Torch 2.1 and Bazel experiments.

Torch 2.1 doesn't work with Bazel

Torch 2.1 works fine if you install it and its CUDA dependencies into a single site-packages (e.g., in a virtualenv). Torch doesn't work with Bazel, as Bazel installs each dependency into its own directory tree, which is added to PYTHONPATH.
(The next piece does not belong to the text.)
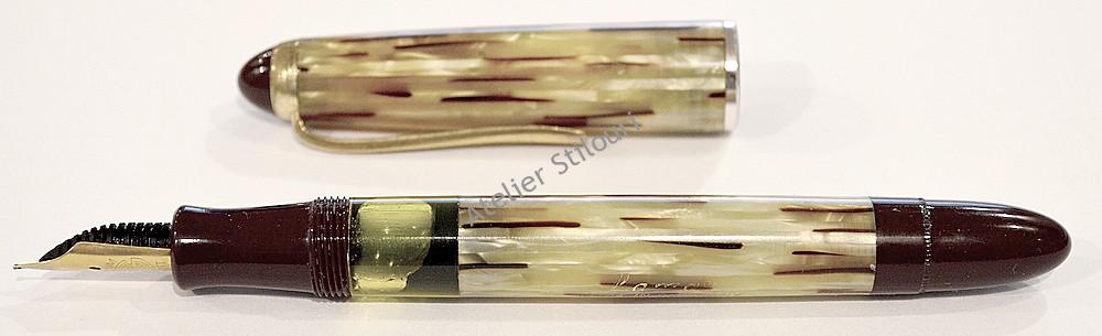 15/12/2022Stilou marcat Lamar, produs in anii 60 in Germania, modelul light tortoise, cu accente burgundy. Rupt in doua la cupla corpului transparent in rezervor, cu detasare totala. Curatare, sudura, aisgurare etanseitate rezervor si garnitura piston.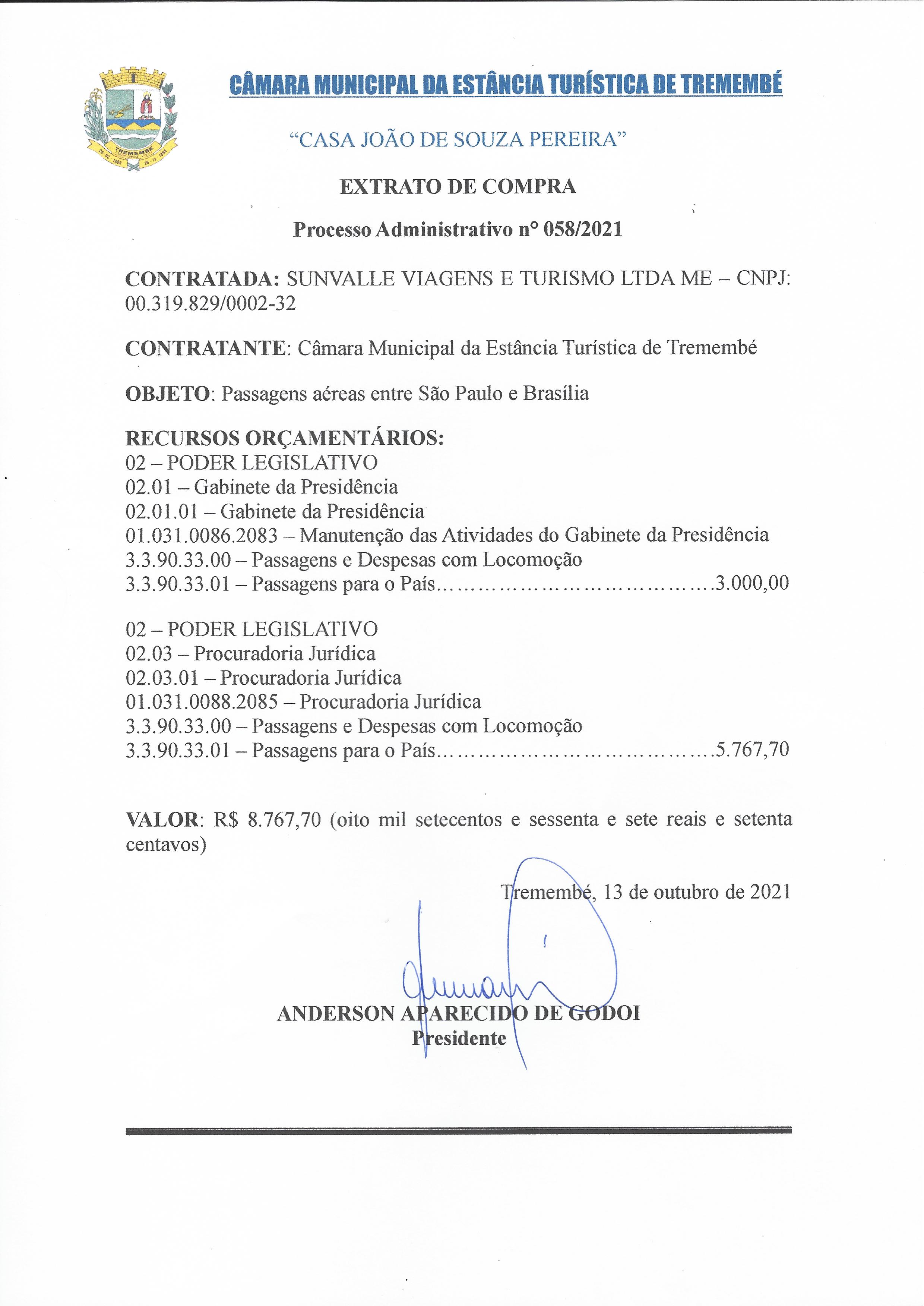 Extrato - Dispensa de Licitação - Passagens Aéreas - Ref. Proc. nº 058/2021

Running the test from a virtualenv works on Linux:

$ python3 -m venv /pay/tmp/venv-torch21
$ /pay/tmp/venv-torch21/bin/pip install -r third_party/requirements.txt
$ /pay/tmp/venv-torch21/bin/python -m calculator.calc_test && echo yes || echo no
sys.path=['/pay/src/torch21', '/pay/src/torch21/bazel-torch21/external/python_3_8_x86_64-unknown-linux-gnu/lib/python38.zip', '/pay/src/torch21/bazel-torch21/external/python_3_8_x86_64-unknown-linux-gnu/lib/python3.8', '/pay/src/torch21/bazel-torch21/external/python_3_8_x86_64-unknown-linux-gnu/lib/python3.8/lib-dynload', '/pay/tmp/venv-torch21/lib/python3.8/site-packages']
/pay/tmp/venv-torch21/lib/python3.8/site-packages/torch/nn/modules/transformer.py:20: UserWarning: Failed to initialize NumPy: numpy.core.multiarray failed to import (Triggered internally at ../torch/csrc/utils/tensor_numpy.cpp:84.)
  device: torch.device = torch.device(torch._C._get_default_device()),  # torch.device('cpu'),
.
----------------------------------------------------------------------
Ran 1 test in 0.000s

OK
yes

(The UserWarning about NumPy is harmless and can be ignored.)

The test does import torch, which causes a number of CUDA libraries to be loaded.

If you run this same test via Bazel, it fails.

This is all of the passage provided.